For every record, give an exact copy that has no pictures in it.

◆ **Data for analysis**
Start of Block
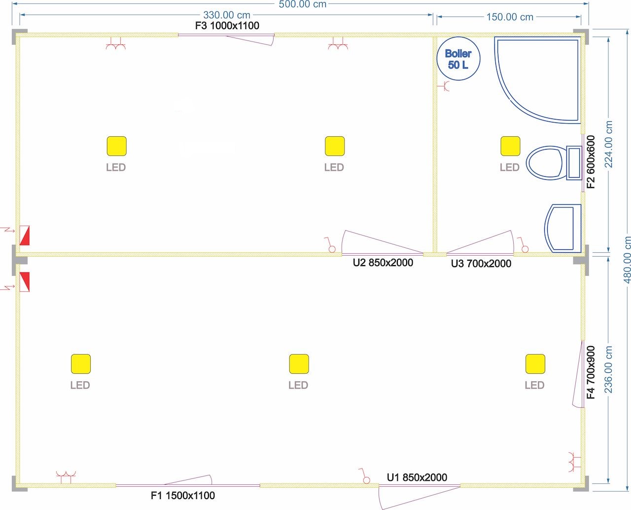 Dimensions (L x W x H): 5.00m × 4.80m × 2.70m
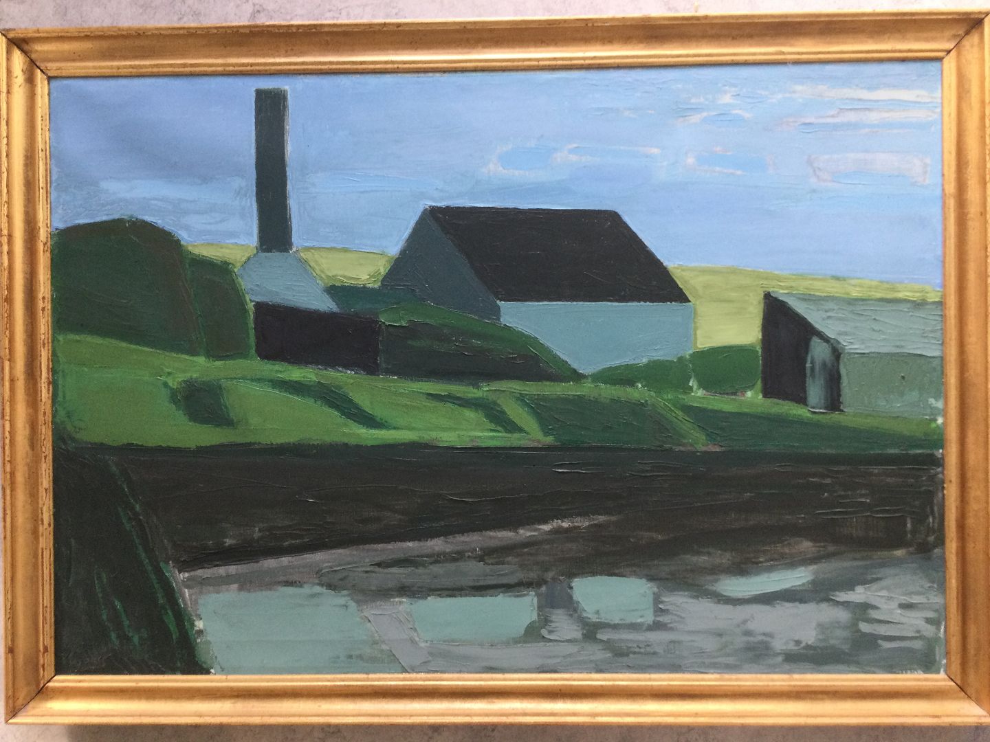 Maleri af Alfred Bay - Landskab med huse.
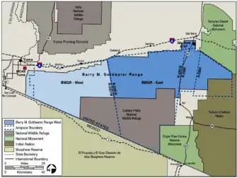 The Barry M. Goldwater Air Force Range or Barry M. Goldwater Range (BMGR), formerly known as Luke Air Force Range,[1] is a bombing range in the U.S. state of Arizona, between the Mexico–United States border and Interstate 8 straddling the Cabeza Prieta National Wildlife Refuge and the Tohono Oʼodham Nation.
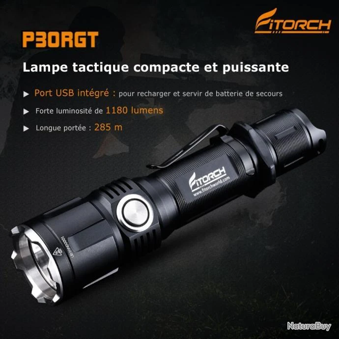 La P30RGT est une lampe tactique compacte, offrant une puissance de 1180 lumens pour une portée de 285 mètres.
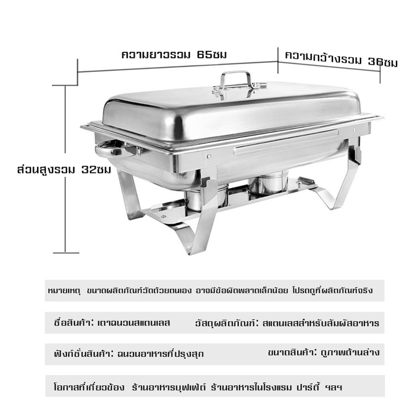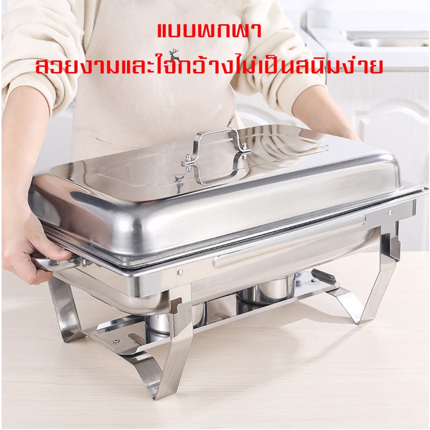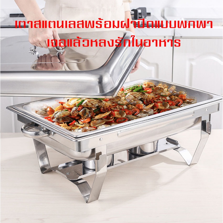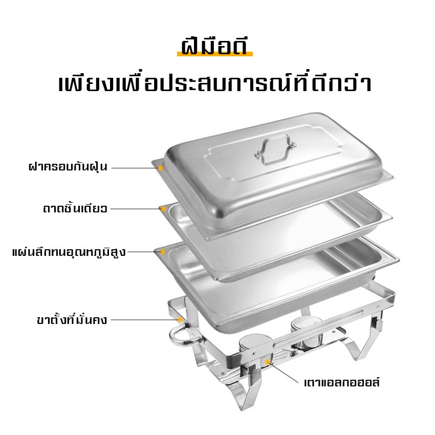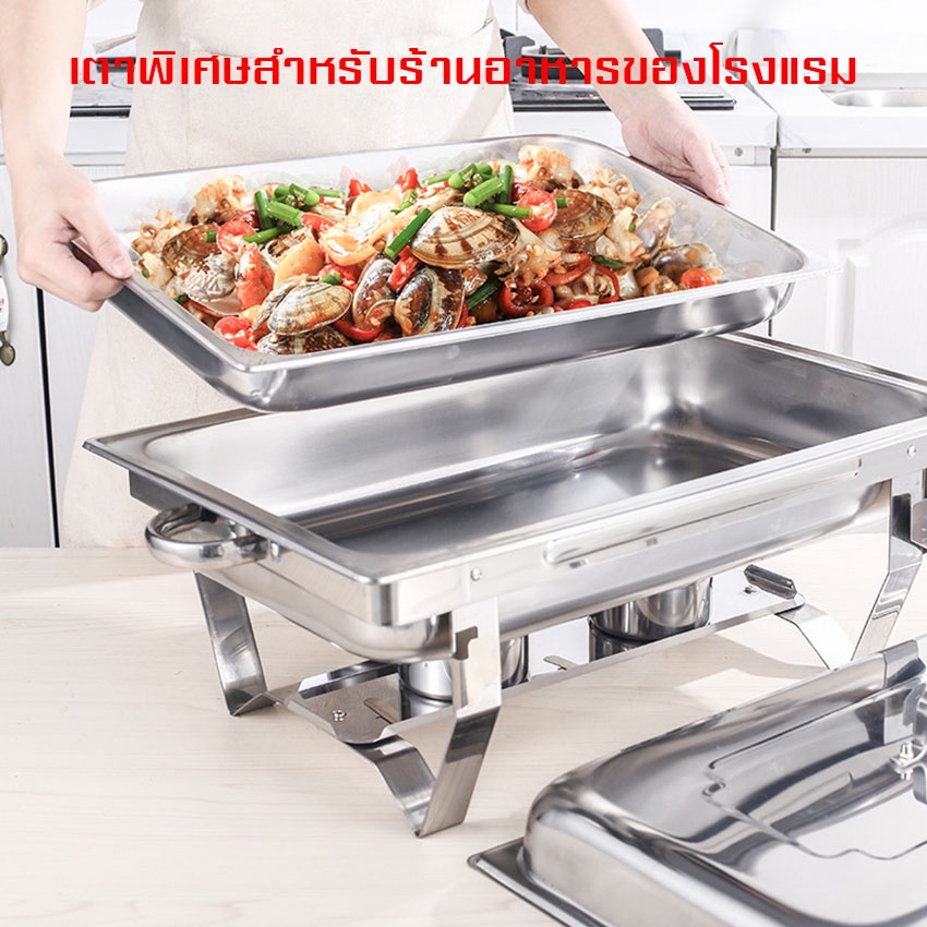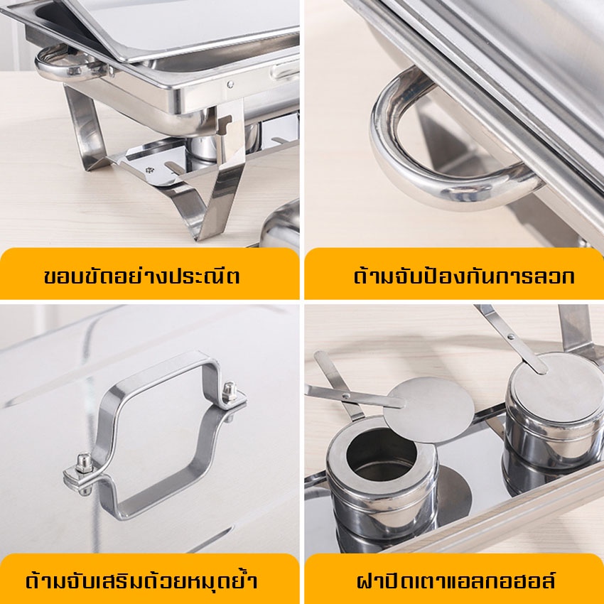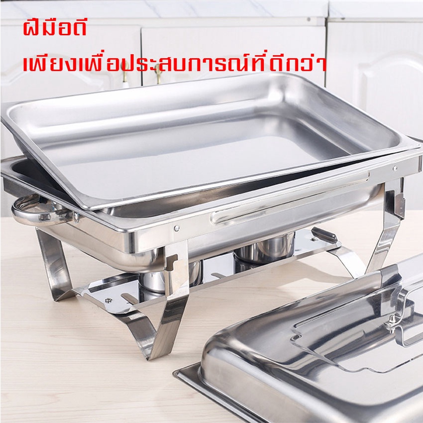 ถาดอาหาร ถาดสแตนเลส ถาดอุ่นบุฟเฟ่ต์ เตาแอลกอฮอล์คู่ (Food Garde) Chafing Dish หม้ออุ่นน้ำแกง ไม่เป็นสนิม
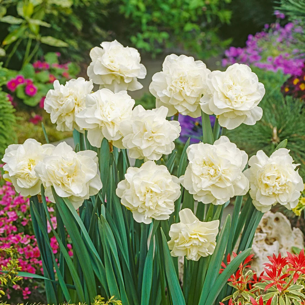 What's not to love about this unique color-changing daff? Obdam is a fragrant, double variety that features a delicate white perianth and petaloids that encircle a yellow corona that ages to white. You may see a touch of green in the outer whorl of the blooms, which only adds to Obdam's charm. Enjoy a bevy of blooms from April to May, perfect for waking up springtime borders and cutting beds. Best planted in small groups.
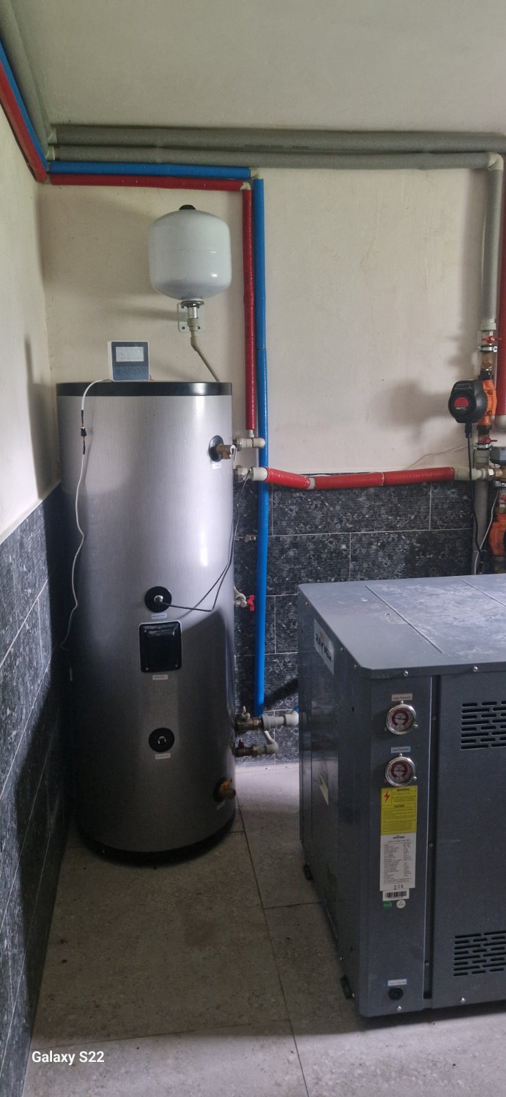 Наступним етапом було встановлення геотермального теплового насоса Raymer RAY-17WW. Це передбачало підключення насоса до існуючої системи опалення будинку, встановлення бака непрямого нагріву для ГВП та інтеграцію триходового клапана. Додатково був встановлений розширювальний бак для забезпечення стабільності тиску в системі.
End of Block
◆ **Your response**
 Dimensions (L x W x H): 5.00m × 4.80m × 2.70m
 Maleri af Alfred Bay - Landskab med huse.
 The Barry M. Goldwater Air Force Range or Barry M. Goldwater Range (BMGR), formerly known as Luke Air Force Range,[1] is a bombing range in the U.S. state of Arizona, between the Mexico–United States border and Interstate 8 straddling the Cabeza Prieta National Wildlife Refuge and the Tohono Oʼodham Nation.
 La P30RGT est une lampe tactique compacte, offrant une puissance de 1180 lumens pour une portée de 285 mètres.
 ถาดอาหาร ถาดสแตนเลส ถาดอุ่นบุฟเฟ่ต์ เตาแอลกอฮอล์คู่ (Food Garde) Chafing Dish หม้ออุ่นน้ำแกง ไม่เป็นสนิม
 What's not to love about this unique color-changing daff? Obdam is a fragrant, double variety that features a delicate white perianth and petaloids that encircle a yellow corona that ages to white. You may see a touch of green in the outer whorl of the blooms, which only adds to Obdam's charm. Enjoy a bevy of blooms from April to May, perfect for waking up springtime borders and cutting beds. Best planted in small groups.
 Наступним етапом було встановлення геотермального теплового насоса Raymer RAY-17WW. Це передбачало підключення насоса до існуючої системи опалення будинку, встановлення бака непрямого нагріву для ГВП та інтеграцію триходового клапана. Додатково був встановлений розширювальний бак для забезпечення стабільності тиску в системі.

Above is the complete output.